The use of a digital recorder to capture ghost voices knocked out the theory of direct ghostly electromagnetic manipulation of media. To directly manipulate the storage of a digital recorder would require advanced knowledge of WAV or MP3 compression methods, and a working understanding of the mathematical algorithm behind them. I doubt that the 1930's version of Homer understands the necessary math and electronics needed to directly imprint an MP3 or WAV file onto a digital recorder, and if he did have that ability wouldn't he have a lot more to say than, “turn around”?

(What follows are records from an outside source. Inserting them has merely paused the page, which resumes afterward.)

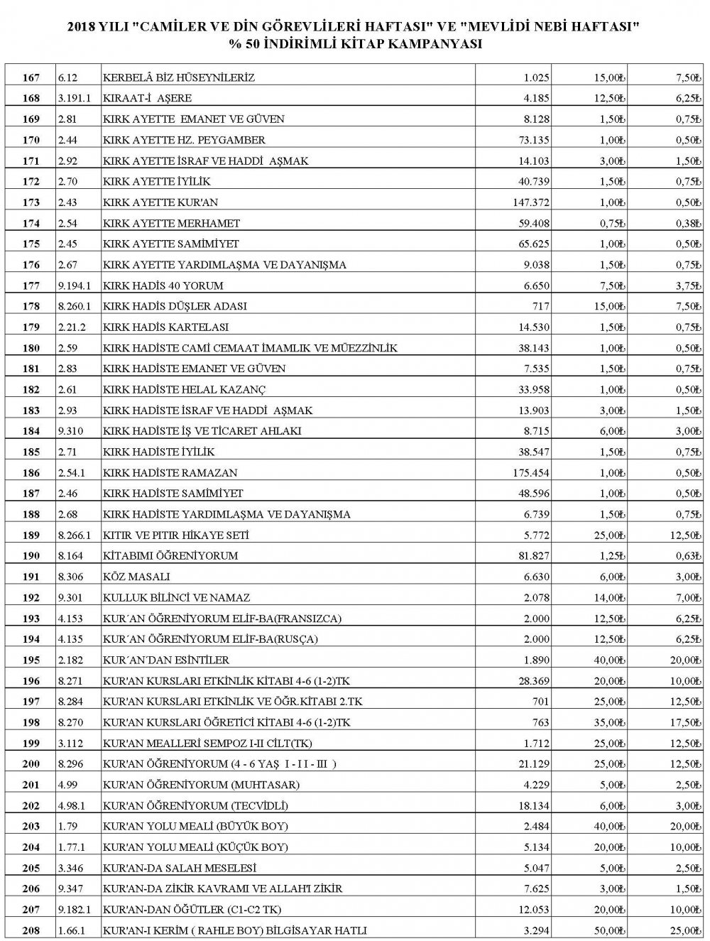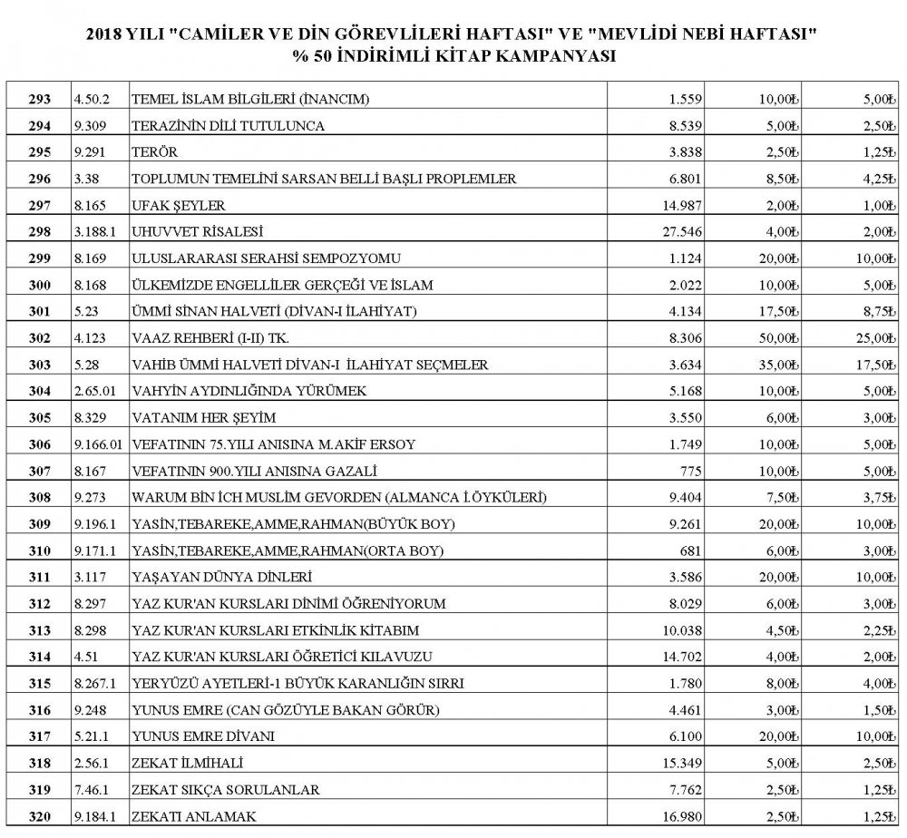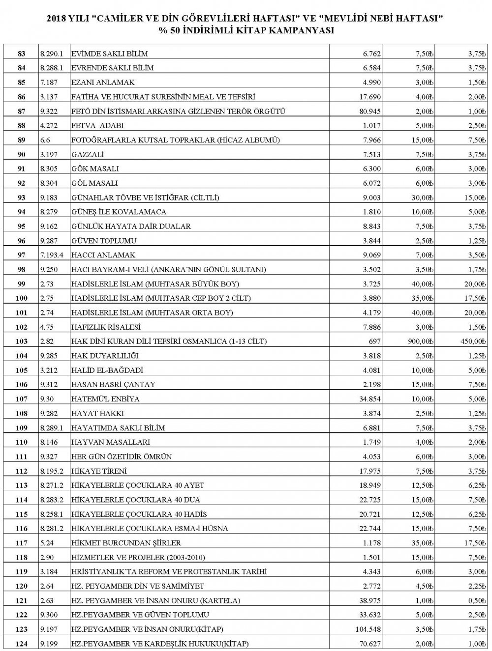 Hafta münasebetiyle düzenlenecek olan etkinliklerde değerlendirilmek üzere, bedeli peşin ödenmek ve kargo ücreti İşletme Müdürlüğü'nce karşılanmak kaydıyla; müftülüklerimiz, çeşitli kurum ve kuruluşlar ile vatandaşlarımızdan gelecek talepleri karşılamak amacıyla, ek listede belirtilen eserlerde üzeri fiyatından %50 indirim uygulanacaktır. Kampanyamız stoklarımızla sınırlı olduğu için söz konusu eserlerden mevcudu bitenlerin yerine, yine listede belirtilen eşdeğer eserlerden gönderilecektir.
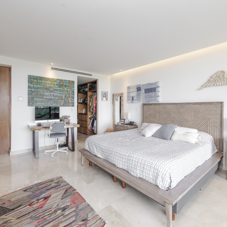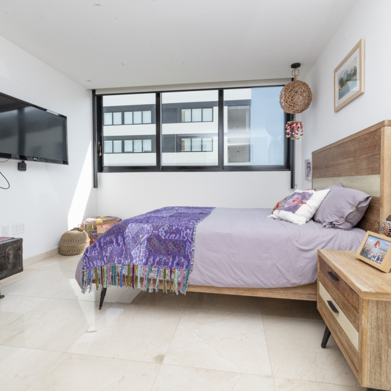 The apartment’s minimalist Mexican architecture reflects a commitment to sustainable living and design. The focus on natural light, open spaces, and harmonious design creates a healthy and inviting environment.
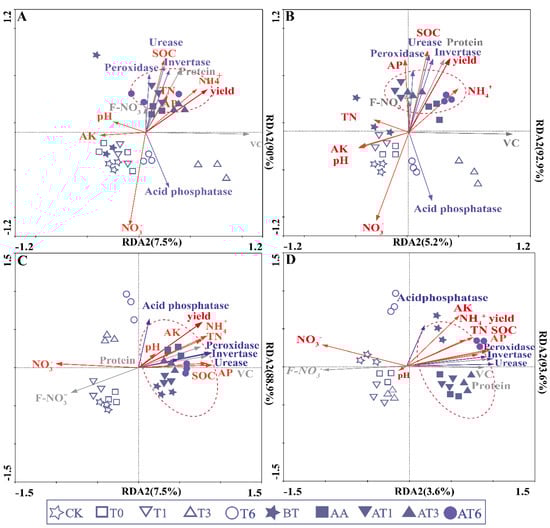 The RDA analysis of the pot experiments in the sandy soil of the FS and the SS is shown in Figure 5. Most environmental factors along axis 1 that increased (93.6% variation, 0.036 fitting variations) were positively correlated with SOC, TN, AP, pH and VC contents and negatively correlated with NH3+, NO3− and F-NO3− contents, and this axis was higher than that of any other variables, as indicated by the length and direction of the vector. The results showed lesser correlations among soil enzyme activity, TN, NO3−, AP, SOC, AK, pH and yields, which indicated a positive correlation between soil enzyme activity and other parameters. Additionally, the corner dimension showed that both soil enzyme activity and TN were positively correlated with yield. The arrow of AK was the shortest one of all parameters, indicating the minimum correlations were between AK and various soil enzyme activities. Fruit quality also presented a notable positive correlation with various soil enzyme activities. On the first axis, AT6, AT3, AT1 and AA were positively correlated with most of the enzyme activities, physicochemical factors and yields, and the correlation order was as follows: AT6 > AT3 > AT1 > AA. However, the results showed low correlations of T6, T3, T1, T0 and the CK with enzyme activities, physical and chemical factors and yields compared with those of BOF treatments. These results illustrated that the transformations of carbon and nitrogen in soil were closely correlated with enzyme activities by the application of NJAU4742-based BOF.

The newest ghost hunting theory of EVP says that ghosts actually manipulate the “white noise” of the environment or the electronics to produce noises that are then recorded. The poor ghosts aren't strong enough to invest much energy into this sort of effort, so their words are buried in the surrounding background noise. It takes a sharp ear to pick those words out of the random noise.

This leads to a problem with very quiet environments, where there is no background noise. In these cases a ghost supposedly has nothing to work with, and therefore can't speak. But the Ghosthunting Store can help a person out here by selling you a CD of professionally recorded White Noise, which you would play in the ghostly environment while recording.

Another theory is that a digital recorder's analog to digital conversion process actually generates a layer of white noise that is, “conducive to EVP formation.” Hm. As an electrical engineer, perhaps I should be designing inherently noisy digital recorders and selling them to ghost hunters? There would seem to be a market here – but I'm just too honest to exploit it.

This also leads to the question of just how the ghost is able to discern and locate the Analog to Digital conversion chip from the rest of the electronic parts on the recorder circuit board. Do ghosts become electrical engineers after death, or does the afterlife offer classes on hobby electronics?

Instant EVP, just add random noise! In what way is this any different from spending a lazy afternoon gazing at the clouds and discussing the shapes that you see? The scientific term for this is called, “Auditory pareidolia”, and is no different from seeing Trolls in your Laundry. A better explanation is that the context in which we perceive influences how our brains fill in the blanks. But you don't have to believe me on this, go check out the research for yourself.